A bus driver has been charged with murder after crashing into a nursery in Quebec.
Two children died and six others were injured.
Police believe the suspect, Pierre Ny St-Amand, deliberately drove the bus into the daycare centre in Laval, north of Montreal, during Wednesday morning’s drop-off.
The 51-year-old, who had been employed as a bus driver by the local public transit system for 10 years, faces nine charges including two counts of first degree murder.
Police said “as of now, we don’t know the motive for the crime.”
Police set up a large perimeter around the building in Laval, Quebec, and panicked parents who ran to the center were diverted to a nearby elementary school after the incident.
Dozens of police and emergency vehicles lined the blocked-off road leading to the centre.
An eyewitness said immediately after the crash, the driver stepped out of the bus, ripped his clothes off and started screaming.
“He was just yelling; there were no words coming out of his mouth,” said Hamdi Benchaabane.

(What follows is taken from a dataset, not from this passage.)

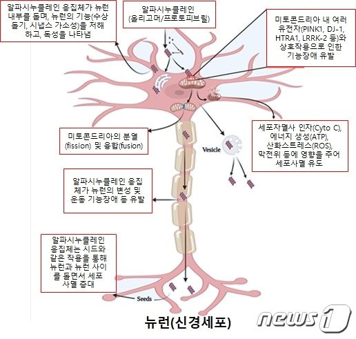 이번 논문은 뇌세포 사이에 신경전달을 돕는 단백질인 알파시누클레인의 이상 증상으로 인해 올리고머와 같은 독성을 가진 단백질 응집체를 형성하는데, 이러한 응집이 미토콘드리아의 기능장애는 물론 뇌신경세포의 사멸을 초래함으로써 파킨슨병을 일으킨다는 점에 중점을 두고 있다.

The driver has worked on the buses for 10 years and has no criminal history and a clean work record, police officials and Laval Mayor Stéphane Boyer said at two separate news conferences.
The centre is located at the end of a driveway off a cul-de-sac with no bus stop so the driver would have had to veer off the road and head down the long driveway to hit the building.
“There were no signs of skidmarks. .... He went directly into the day care,” said another eyewitness, Mario Sirois.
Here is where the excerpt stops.